Top of The data
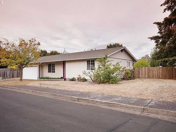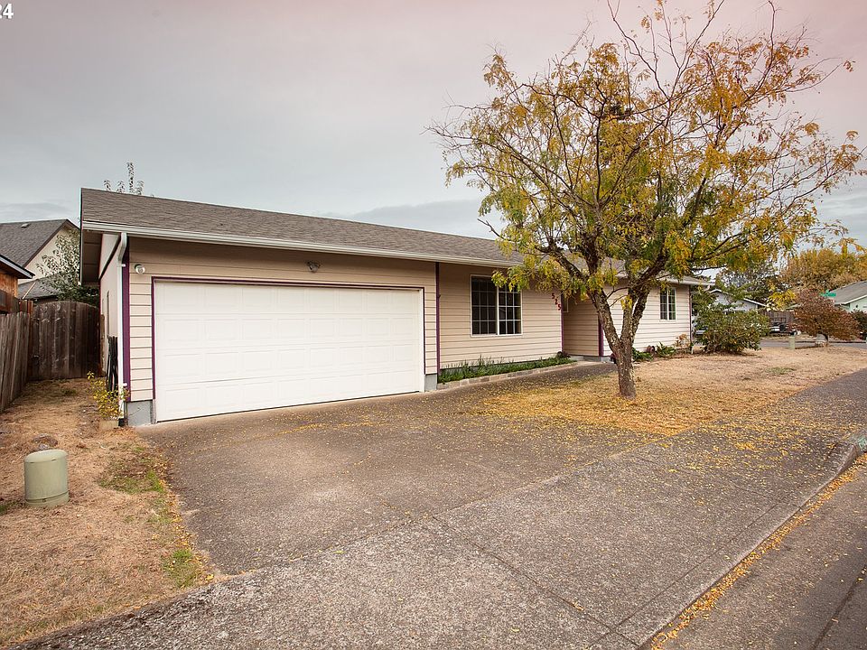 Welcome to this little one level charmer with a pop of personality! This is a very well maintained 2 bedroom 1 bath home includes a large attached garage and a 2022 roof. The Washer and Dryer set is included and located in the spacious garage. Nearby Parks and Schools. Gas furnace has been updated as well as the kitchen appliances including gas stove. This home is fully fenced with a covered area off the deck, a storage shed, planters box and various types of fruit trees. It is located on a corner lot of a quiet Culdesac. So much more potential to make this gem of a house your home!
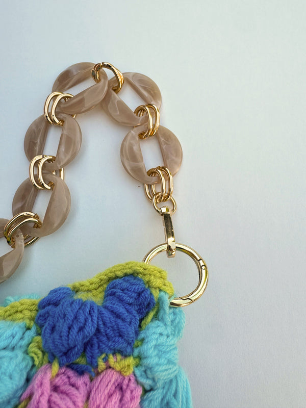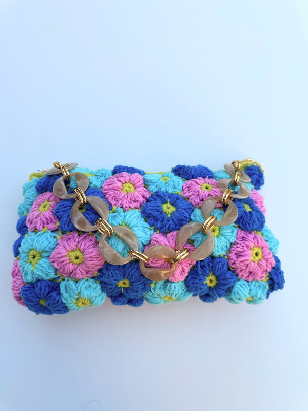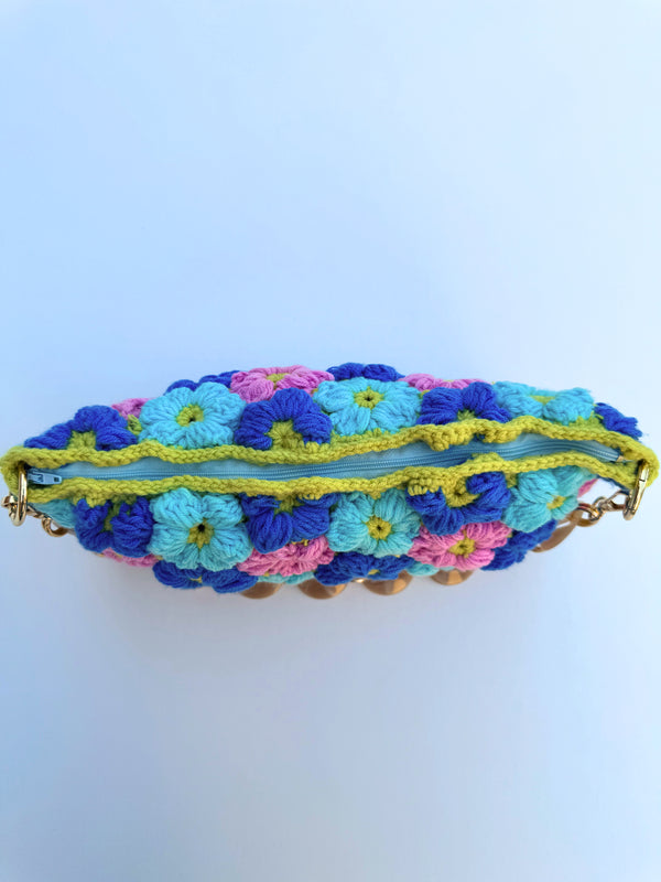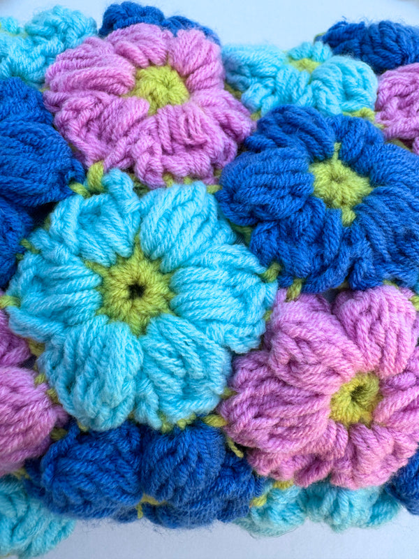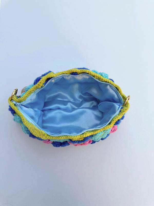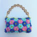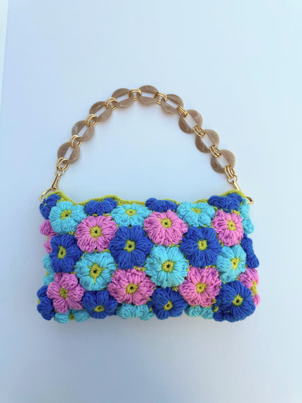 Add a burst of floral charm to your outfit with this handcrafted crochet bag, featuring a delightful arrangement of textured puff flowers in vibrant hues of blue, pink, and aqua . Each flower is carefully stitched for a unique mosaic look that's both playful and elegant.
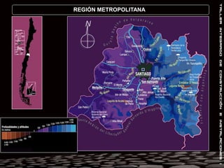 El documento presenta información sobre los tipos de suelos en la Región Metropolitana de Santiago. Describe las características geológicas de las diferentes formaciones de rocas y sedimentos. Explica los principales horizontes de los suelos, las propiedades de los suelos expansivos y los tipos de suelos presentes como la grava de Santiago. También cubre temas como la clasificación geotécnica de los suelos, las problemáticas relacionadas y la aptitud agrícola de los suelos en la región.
Bottom of The data
To complete this exercise, repeat exactly the lines above from the one holding "Add a burst" to the end of the listing, both included, and leave the pictures out.

 Add a burst of floral charm to your outfit with this handcrafted crochet bag, featuring a delightful arrangement of textured puff flowers in vibrant hues of blue, pink, and aqua . Each flower is carefully stitched for a unique mosaic look that's both playful and elegant.
 El documento presenta información sobre los tipos de suelos en la Región Metropolitana de Santiago. Describe las características geológicas de las diferentes formaciones de rocas y sedimentos. Explica los principales horizontes de los suelos, las propiedades de los suelos expansivos y los tipos de suelos presentes como la grava de Santiago. También cubre temas como la clasificación geotécnica de los suelos, las problemáticas relacionadas y la aptitud agrícola de los suelos en la región.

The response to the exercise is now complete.